Chatrooms is an app that provides multi-user chat rooms for your django site.

It's completely based on jQuery and gevent, whose libraries have been used to implement long polling.

It provides a set of models, views and templates ready out of the box and easily customizable.

Installation

Install the egg from pypi:

$ pip install django-chatrooms

or get the latest revision from github:

$ pip install -e git+git://github.com/qubird/django-chatrooms#egg=chatrooms

If you use buildout, just add django-chatrooms to your eggs part.

The egg setup takes care of installing all the needed dependencies, anyway you might need to install greenlet and libevent to let gevent work properly.

Once the egg is installed, add the following apps to your settings.INSTALLED_APPS:

INSTALLED_APPS = (
    # ...,
    'polymorphic',
    'chatrooms',
    # ...,
)

Then include chatrooms urls to your urlpatterns:

urlpatterns = patterns('',
    # ...,
    url(r'^chat/', include('chatrooms.urls')),
    # ...,
)

Make sure you also added staticfiles_urlpatterns to urlconf like:

from django.contrib.staticfiles.urls import staticfiles_urlpatterns
urlpatterns += staticfiles_urlpatterns()

and 'django.contrib.staticfiles' is amongst INSTALLED_APPS.

Then you're ready to run syncdb.

Important Note

django-chatrooms works properly in a multithreading environment (like gevent patched wsgi server, or uwsgi server with gevent plugin).

To use the app with servers that pre-fork the application before running, like gunicorn does, you need to use some sort of interprocess communication.

chatrooms.utils.redis_handlers module contains the RedisMessageHandler class, which can be set as settings.CHATROOMS_MESSAGE_HANDLERS to use the application in a gunicorn-like environment. The module needs a redis instance installed and running to work.

Also a chatrooms.utils.celery_handlers.CeleryMessageHandler class has been included. It can be used as settings.CHATROOMS_MESSAGE_HANDLERS as well, but needs celery to be installed.

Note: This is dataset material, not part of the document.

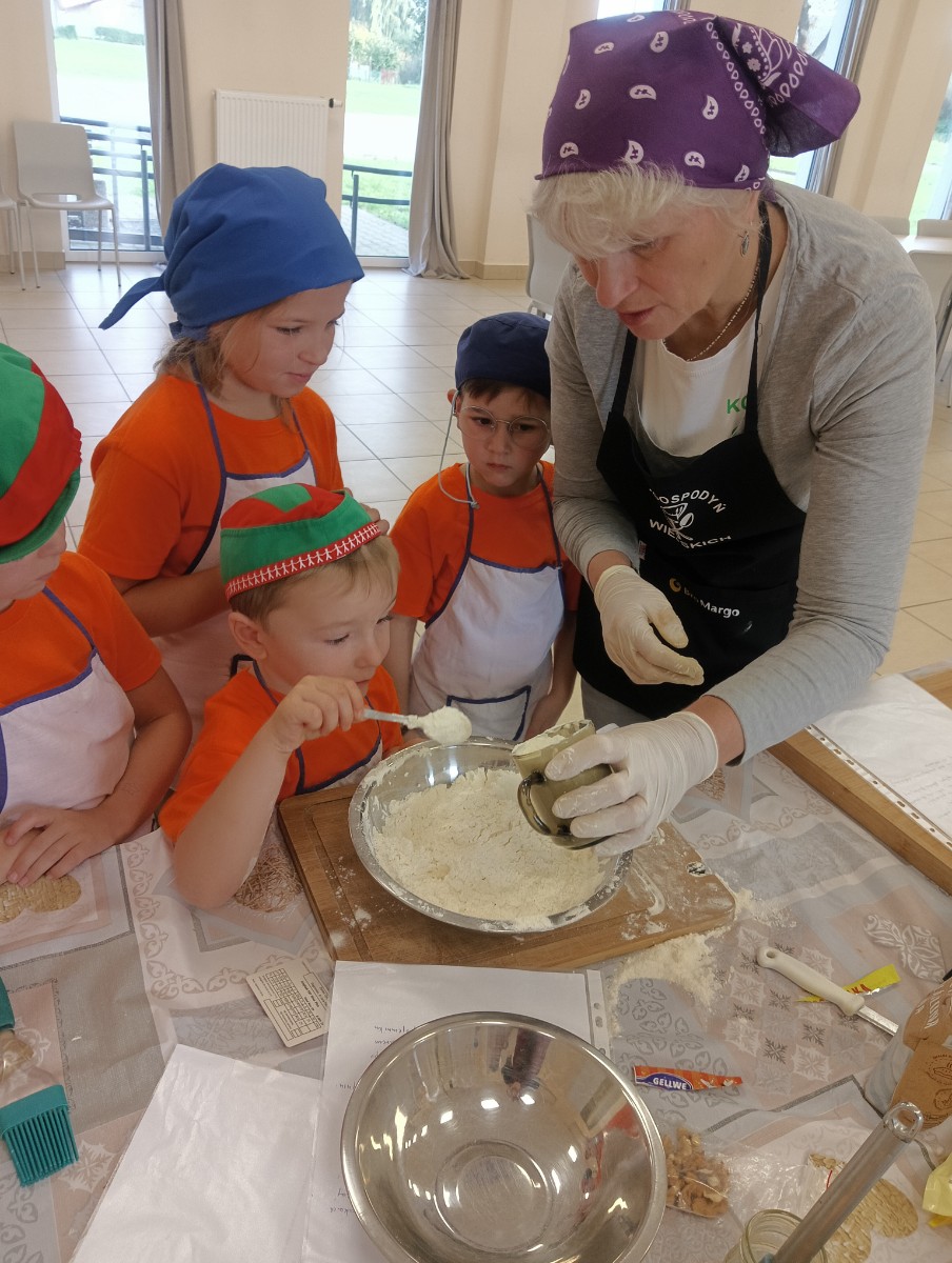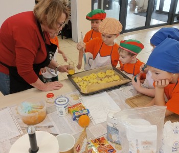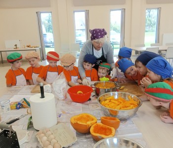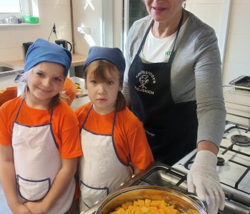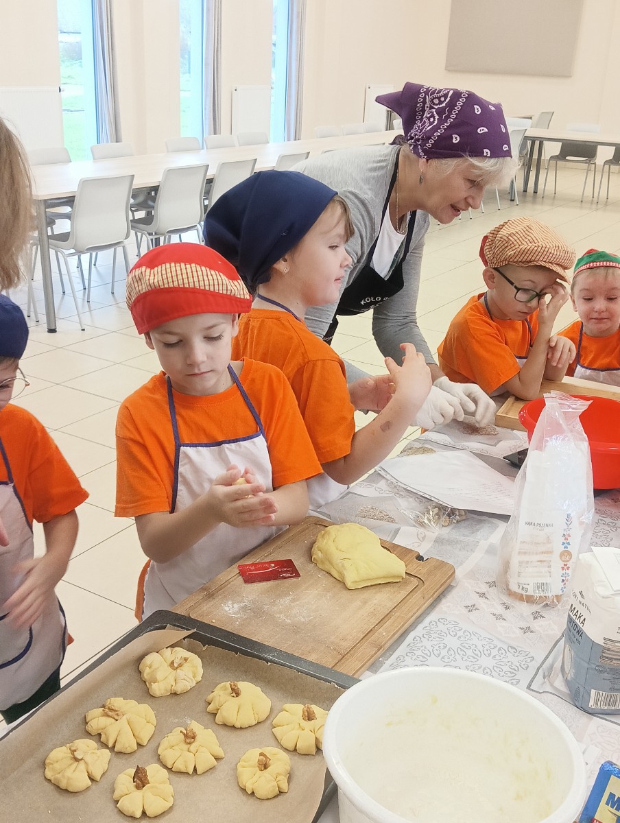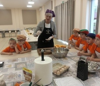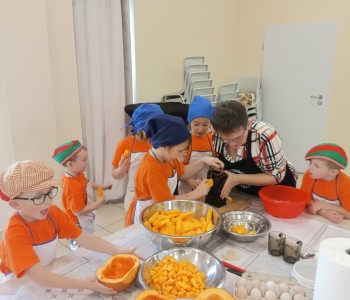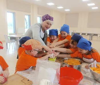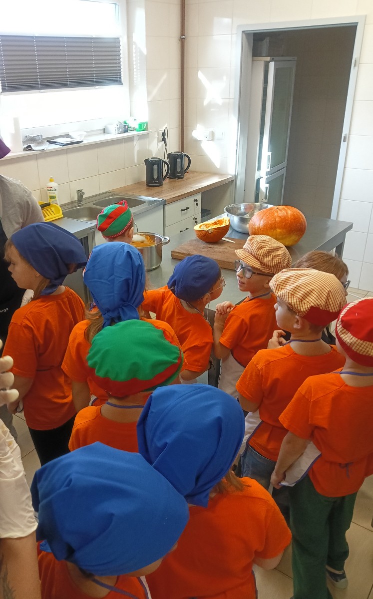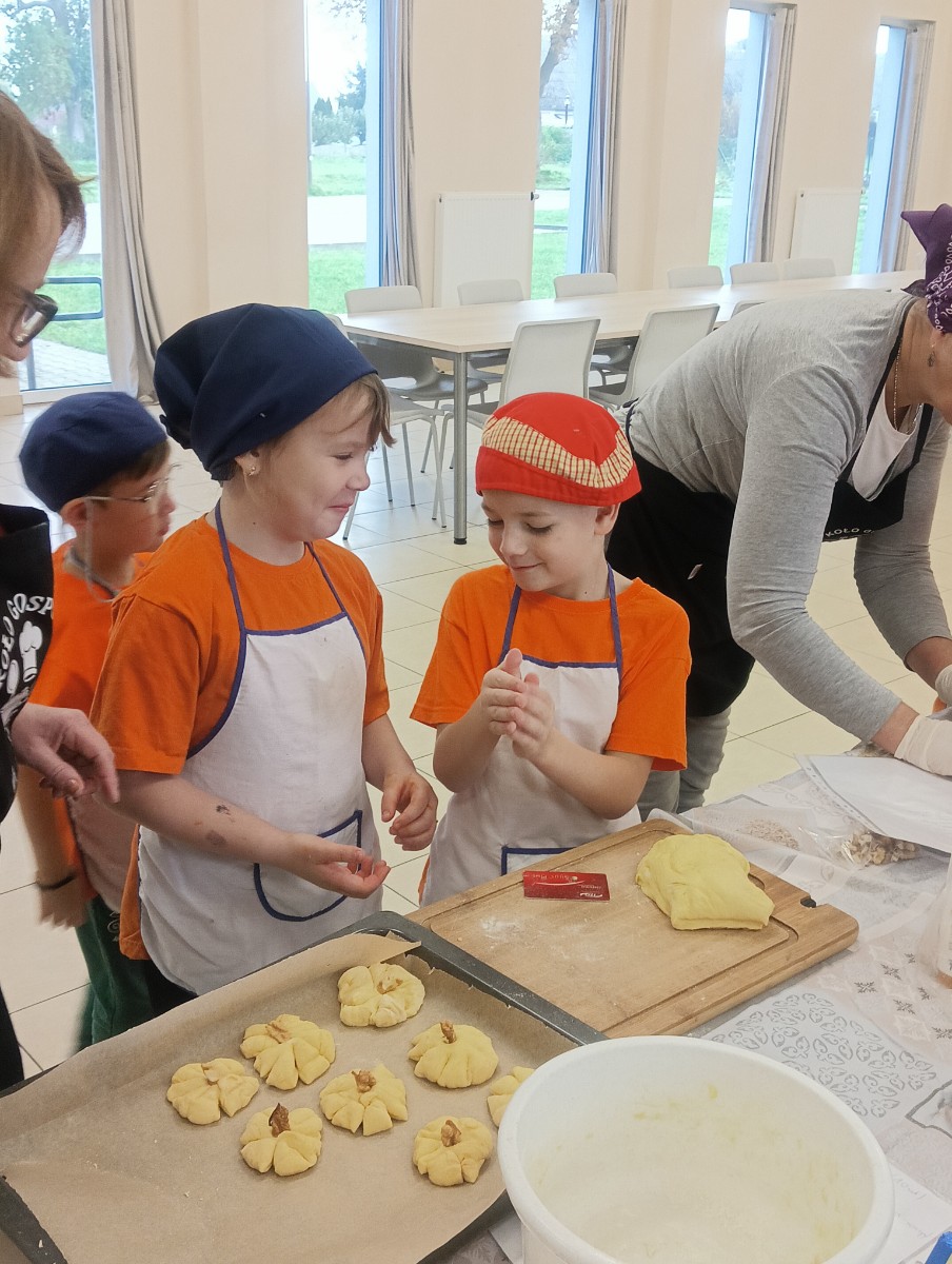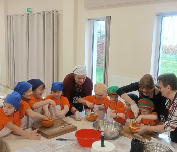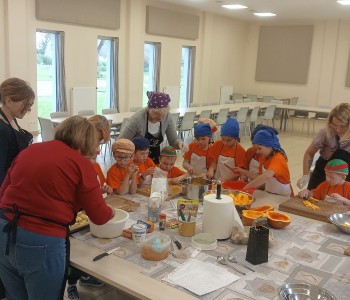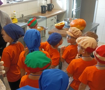 Dzieci wysłuchały porad i zabrały się do pracy, pomagając przy obróbce warzywa. Pierwsze zadanie polegało na wydrążeniu dyni, wyciągnięciu z niej pestek i zbędnego miąższu. W międzyczasie należało przygotować stanowisko do pracy. Następnie przeszliśmy do ostrożnego krojenia, ścierania dyni na tarce, odmierzania i dodawania innych niezbędnych składników. Kiedy powstały przysmaki, przystąpiliśmy do degustacji owoców naszej pracy. Spotkanie miało na celu nie tylko poznanie ciekawostek kulinarnych i nowych smaków. Dzięki użyciu dyni stało się ono zarazem świetnym ćwiczeniem sensorycznym, dlatego że jej obróbka wymaga więcej uwagi i posiada ona różne rodzaje faktury, a także różnorodną konsystencję. Dowiedzieliśmy się jak bardzo uniwersalne jest to sezonowe, jesienne warzywo i co można z niego przyrządzić. Co więcej, był to kolejny krok do nauki samodzielności i zaradności. Domowa atmosfera sprawiła, że zajęcia stały się przyjemnością i odskocznią od nauki w tradycyjnym rozumieniu. Bardzo dziękujemy Paniom z Koła Gospodyń Wiejskich, które poświęciły nam czas oraz podzieliły się swoją cenną wiedzą. Mamy nadzieję, że uda się nam podtrzymać współpracę i będzie nam dane wziąć udział w większej ilości ciekawych spotkań.

See the Message Handlers section to know how to implement your own handlers.

Using the app

Models

The app installs two models: Room and Message. Rooms can be created by Admin Site. Room objects have the following fields:

name:
description:almost self-explaining
slug:which identifies the room in urls and views
subscribers:which references a set of users (not used by default)
allow_anonymous_access:which tells whether the room is accessible only to logged users, or event to "guests". A guest user is asked to choose a guest name before entering the room.
private:
password:These fields aren't used by default. They might be useful for implementing custom policies of access. See the Custom access policies section for further details.

Views

Besides the core views that handle ajax requests to make the chat work, some class-based views have been designed.

These are in views.py:

  • RoomsListView, which shows the list of rooms filtering the ones requiring a logged user if the user is not authenticated
  • RoomView, which renders the actual room page
  • GuestNameView, which is shown to non-logged users entering an allow_anonymous_access room to choose a guest name

Templates

The templates you might want to override are

  • chatrooms/guestname_form.html, which is rendered by GuestNameView: it shows the form for choosing a guest name

  • chatrooms/rooms_list.html, which is rendered by RoomsListView

  • chatrooms/room.html, which is the skeleton of the page where chat objects are placed dynamically. The page includes the js/room.js script which requires a getContext() function like:

    <script type="text/javascript">
        getContext = function(){
            return {
                "username": "{{ user.username }}",
                "room_id": {{ room.id }},
            }
        }
    </script>
    

Some elements are required by room.js and need to be included in room.html:

#chatText: an empty div,
#chatSendText: text input where the user enters the text to send,
#chatSendButton: button input pressed by user to submit text,
#connectedUsersList: a list element where connected users are shown.

Styles

static/css folder contains the file room.css you might want to override to re-style the room page.

Tests

The test_gevent command has been implemented to test the chat features that use gevent libraries.

Message Handlers

utils.handlers.MessageHandler class implements the methods

  • handle_received_message(sender, room_id, username, message, date, [user])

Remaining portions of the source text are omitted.